Une minute plus tard, elle dépose une assiette devant son fils et une autre juste à côté. Je m'approche et constate qu'elle m'a pris au mot. Devant moi, un visage de clown est formé à l'aide de deux raisins pour les yeux, une tartine pliée en deux pour le nez et un quartier de pomme qui fait office de bouche. Je croise le regard amusé d'Émilie et je ne peux faire autrement que de lui rendre son sourire. Bon joueur, je m'assieds aux côtés du petit humain et déguste ce chef-d'œuvre de la gastronomie sans rouspéter.

Émilie nous rejoint avec une tasse café dans les mains.

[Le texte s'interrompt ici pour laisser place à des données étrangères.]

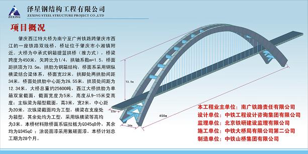 肇慶西江特大橋主橋為中承式鋼箱梁提籃式拱橋。拱腳中心距450m,設計矢跨比為1/4,橋面距拱頂73.5m,橋面系采用鋼縱橫梁結合梁體系。
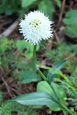 Соцветие коротко-цилиндрическое, почти головчатое, (1,5) 2—4,5 (5) см длиной, 1,7—3,2 см в диаметре. Прицветники узколанцетные, клиновидные, равные завязи или немного короче её, зеленые. Цветки белые (у сухих экземпляров бледно-желтоватые), лопасти губы к верхушке с пурпурными крапинками. Листочки наружного круга околоцветника (5) 6—7 (8) мм длиной, 1,2—1,6 мм шириной, на верхушке с лопатчатым расширением 0,9—1,2 мм шириной, часто с 3 жилками. Листочки внутреннего круга околоцветника при основании более или менее неравнобокие, заостренные, на верхушке также лопатчато расширенные, с 3—5 жилками, (4.5) 5—6 (7) мм длиной, (1,5) 2—2,5 (3,5) мм шириной. Губа 6—7 мм длиной, (4) 4,5—6 (7) мм шириной. Боковые доли губы ромбические, иногда по краю неясно зубчатые, (0,9) 1,2—2 (2,2) мм длиной. Средняя доля продолговатая, (1,8) 2,2—3 (3,7) мм длиной, на верхушке клиновидно оттянутая в лопасть 1—1.25 мм длиной. Шпорец 3—5 мм длиной, 0,6—0,7 мм шириной.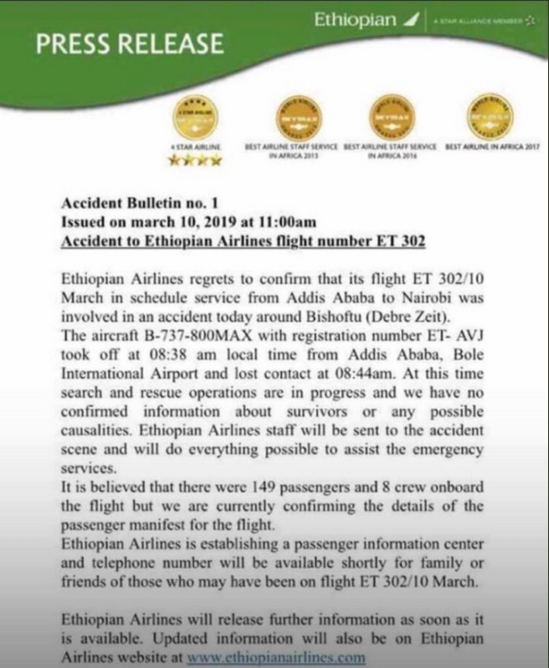 «Το γραφείο του πρωθυπουργού, εκ μέρους της κυβέρνησης και του λαού της Αιθιοπίας, εκφράζει τα βαθύτερα συλλυπητήριά του στις οικογένειες που έχασαν τους αγαπημένους τους στο Μπόινγκ 737 των Αιθιοπικών Αερογραμμών που ήταν προγραμματισμένη για το Ναϊρόμπι της Κένυας σήμερα το πρωΐ», τονίζεται στο Twitter του πρωθυπουργού.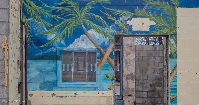 This building at the corner of Bridge and Main Streets is giving way to something new. It began life as a service station and was last a restaurant. Several incarnations intervened. It’s razing revealed some of its stages and created unintended abstract works of art.
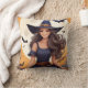 Tira la almohada con una alegre bruja joven de pelo largo conduciendo un palo de escoba frente a una luna grande y brillante llena. Los murciélagos vuelan a su alrededor, sumando a la encantadora escena nocturna.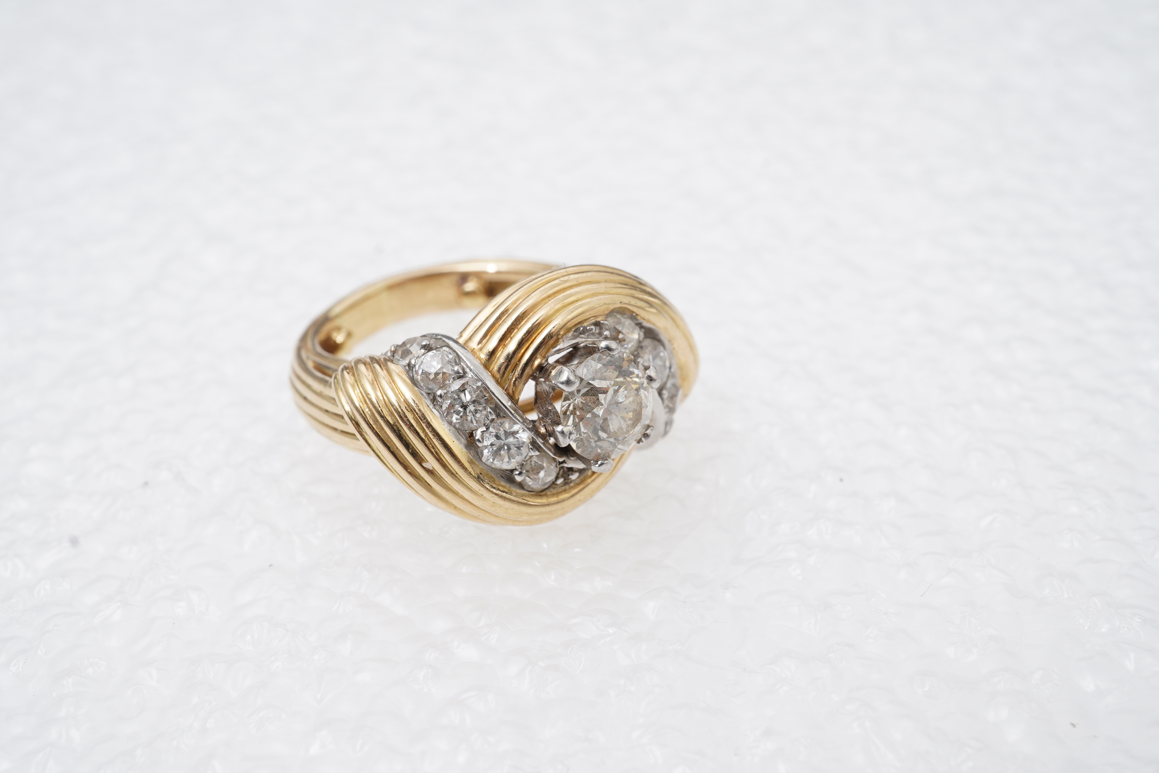 A gold and diamond cocktail ring, France, mid 20th century, claw-set with a circular-cut diamond weighing approximately 0.80 carats, to a sinuous mount of fluted design set with smaller circular-cut diamonds totalling approximately 0.50 carats, mounted in gold and platinum, size I1/2 (sizing beads), French assay marks for 18ct gold and platinum, partial French maker's marks, gross weight approximately 11 grams, case stamped Goldsmiths & Silversmiths Company

— Dépêche-toi de terminer ton déjeuner, mon ange, ordonne-t-elle.

Mon corps se fige et ma tête se lève en même temps que celle du petit.

— Oui, maman, répond ce dernier alors que je réalise qu'encore une fois, elle ne s'adressait pas à moi.

Ce qui ne passe pas inaperçu à voir le regard au sourcil froncé qu'Émilie envoie dans ma direction. Je replonge mon nez dans mon assiette comme si de rien n'était. Quelle idée de donner ce genre de surnom à un enfant de toute façon !

Trois bouchées plus tard, le gamin saute en bas de son tabouret. Il attrape son manteau et son sac d'école dans l'entrée puis s'apprête à sortir.

— Un instant, monsieur, tu n'oublies pas quelque chose ? l'arrête Émilie.

— Noooon, nargue le garçon de manière innocente.

— Brossage de dents...

— C'est inutile maman !

— C'est très utile si tu ne veux pas que mon budget jouet aille tout droit dans le budget dentiste.

Le petit lève les yeux au ciel exactement comme j'ai déjà vu sa mère faire à quelques reprises et file comme une flèche à la salle de bain.

— Je vais marcher avec lui jusqu'à l'arrêt d'autobus, m'annonce Émilie en mettant son manteau. Je reviens dans quelques minutes.

Elle me parcourt ensuite du regard, fronce du nez et ajoute :

— Si tu veux prendre une douche, il y a des serviettes dans l'armoire de la salle de bain.

J'ai compris le message, pensé-je en hochant la tête, un sourire aux lèvres.

Un foutu sourire aux lèvres, devrais-je dire ! Depuis quand je souris comme un idiot ? Une grimace efface mon sourire puis je suis les conseils d'Émilie et saute dans la douche dès qu'elle sort avec le petit. Très vite, la salle de bain est complètement envahie par la buée et je pousse un soupir d'aise. L'eau brûlante caresse ma peau et apaise un peu mon mal du pays. La minuscule douche n'est rien si je la compare à celle de mes appartements, pourtant j'y reste un long moment afin de détendre mes muscles et me remette les idées en place. Les deux dernières journées furent éprouvantes à plusieurs niveaux et il est grand temps que je retrouve ces bestioles et les retourne à Shéol. La perspective de régner encore quelque temps sur le royaume en attendant le retour de Stan me paraît soudain moins horrible que de prolonger mon séjour dans cette dimension avec ce corps qui, comme une prison, me torture à chaque minute qui passe.